Information provided:
══════════

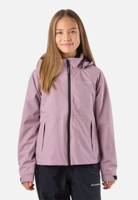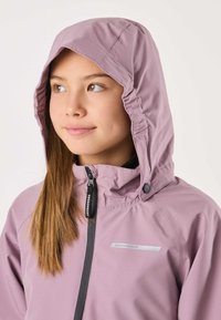 Svetlo vijolična nepremočljiva jakna z zadrgo spredaj, kombinirana s črnimi hlačami in črnimi čevlji. Ima kapuco in stranske žepe.
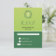 Cartão RSVP de folhagem botânica Primavera verde de dois tons, com verde limão verde e fundo verde florestal e uma coroa circular em torno de uma cruz cristã esbranquiçada. Todo texto é personalizável e a coroa e o motivo cruzado também aparecem no sentido inverso.
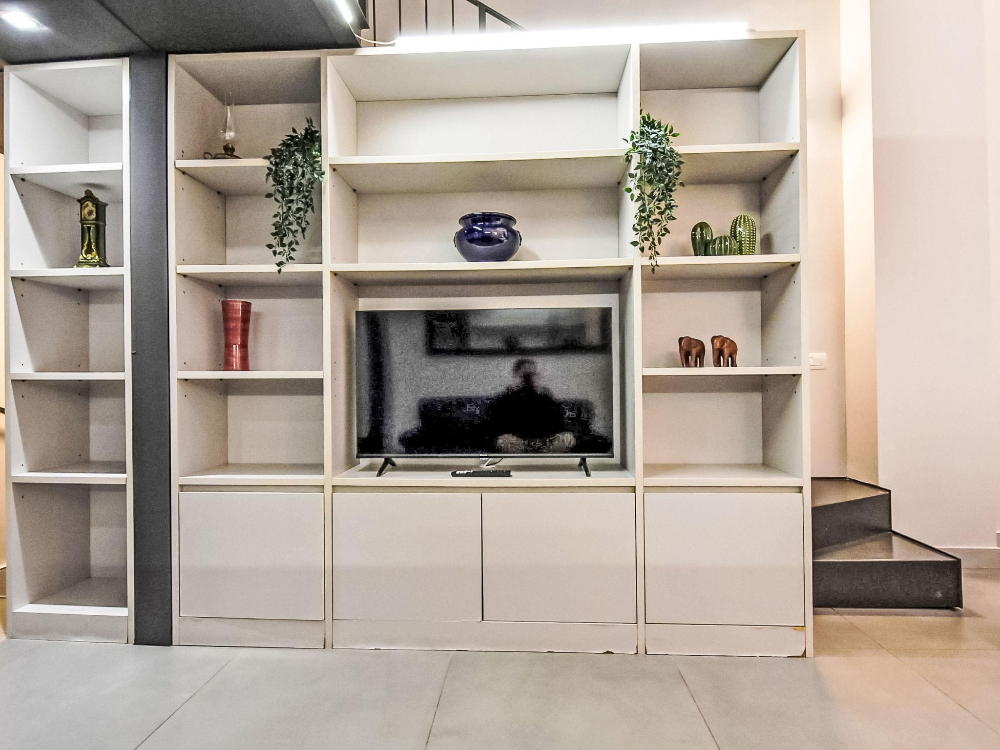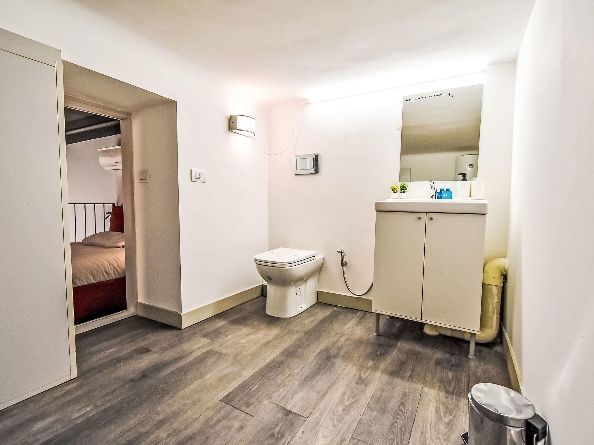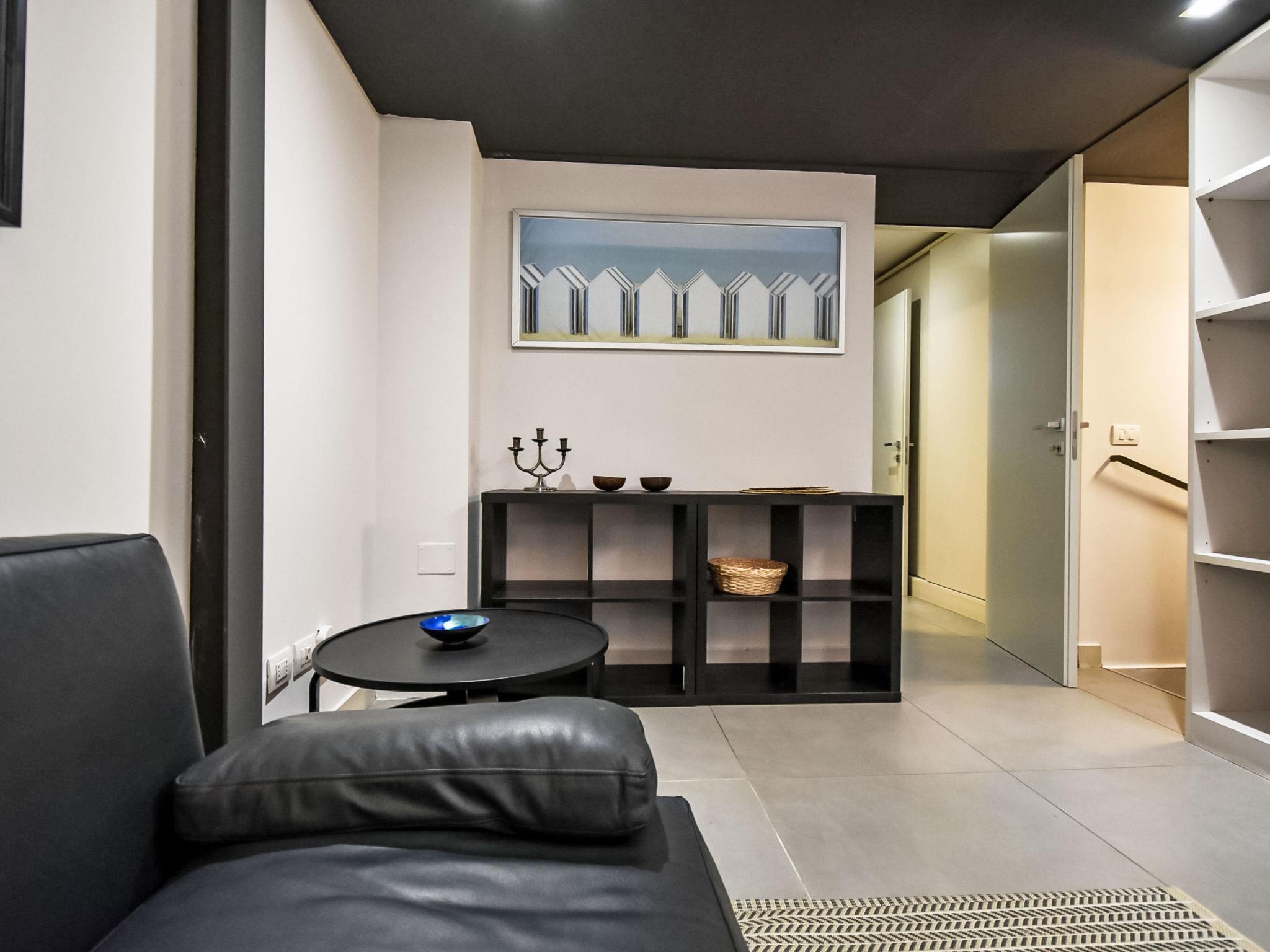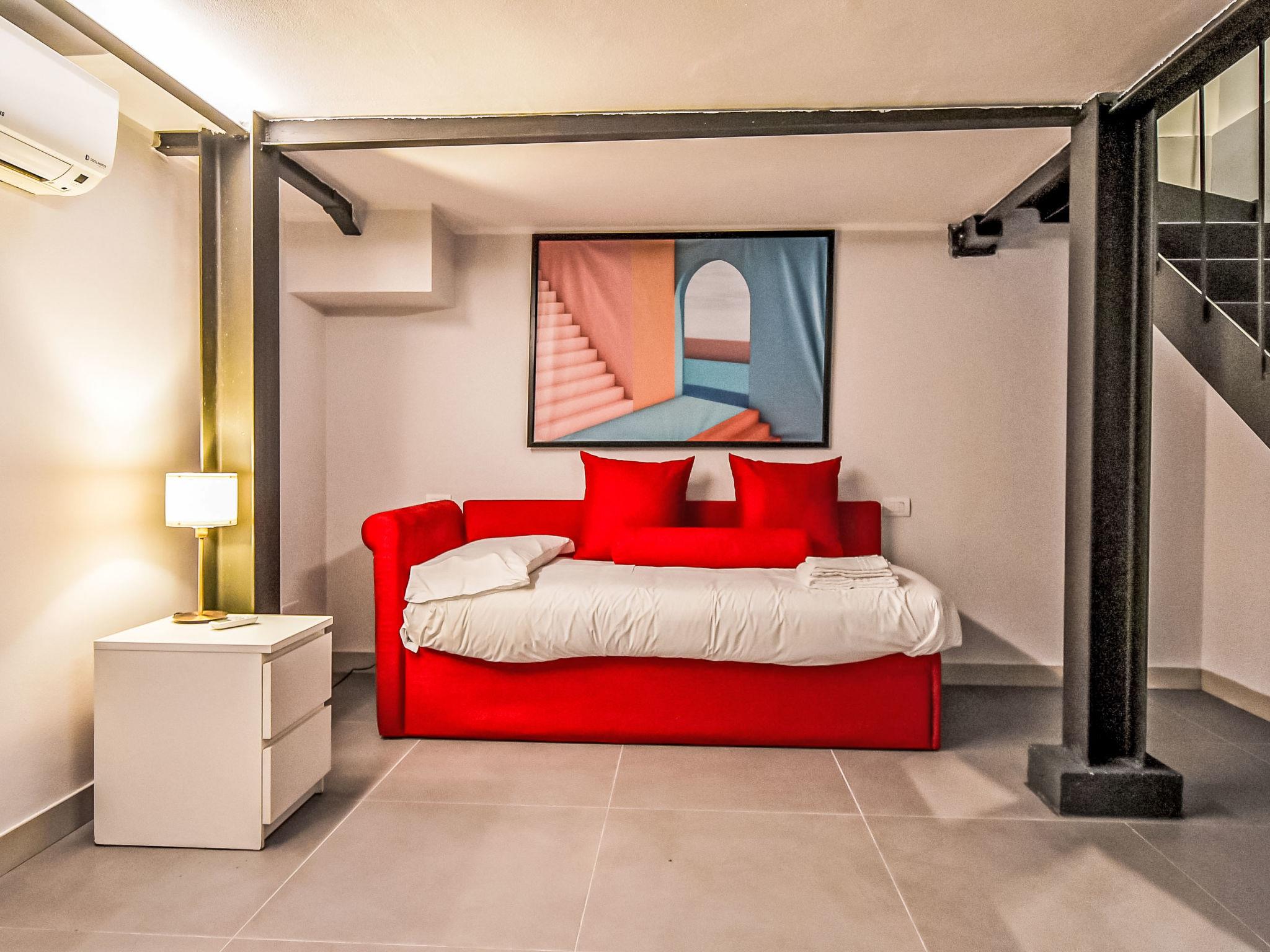 2-room Loft 80 m2 on 3 levels, on the ground floor. Fully renovated in 2024, comfortable and modern furnishings: living/sleeping room with 2 beds and TV. Kitchen in the entrance (oven, dishwasher, 4 induction hot plates, toaster, kettle, microwave, electric coffee machine, Capsules for coffee machine (Nespresso) free) with dining table. Exit to the patio. Shower/bidet/WC. On the lower ground floor: 1 open room, without window with 1 bed. Upper floor: open gallery with 1 french bed and separate WC. Air-conditioning, forced-air heating. Small. Balcony furniture. Facilities: washing machine, iron, children's high chair, baby cot, hair dryer. Internet (WiFi, free). Please note: non-smoking house. Private entrance. IT015146C2R6JWAZYV

══════════

Your instructions: Quote, please, every line of the material above from its start through the line that has "Cartão RSVP de", reproducing the words exactly and dropping any images.

Exercise response:
 Svetlo vijolična nepremočljiva jakna z zadrgo spredaj, kombinirana s črnimi hlačami in črnimi čevlji. Ima kapuco in stranske žepe.
 Cartão RSVP de folhagem botânica Primavera verde de dois tons, com verde limão verde e fundo verde florestal e uma coroa circular em torno de uma cruz cristã esbranquiçada. Todo texto é personalizável e a coroa e o motivo cruzado também aparecem no sentido inverso.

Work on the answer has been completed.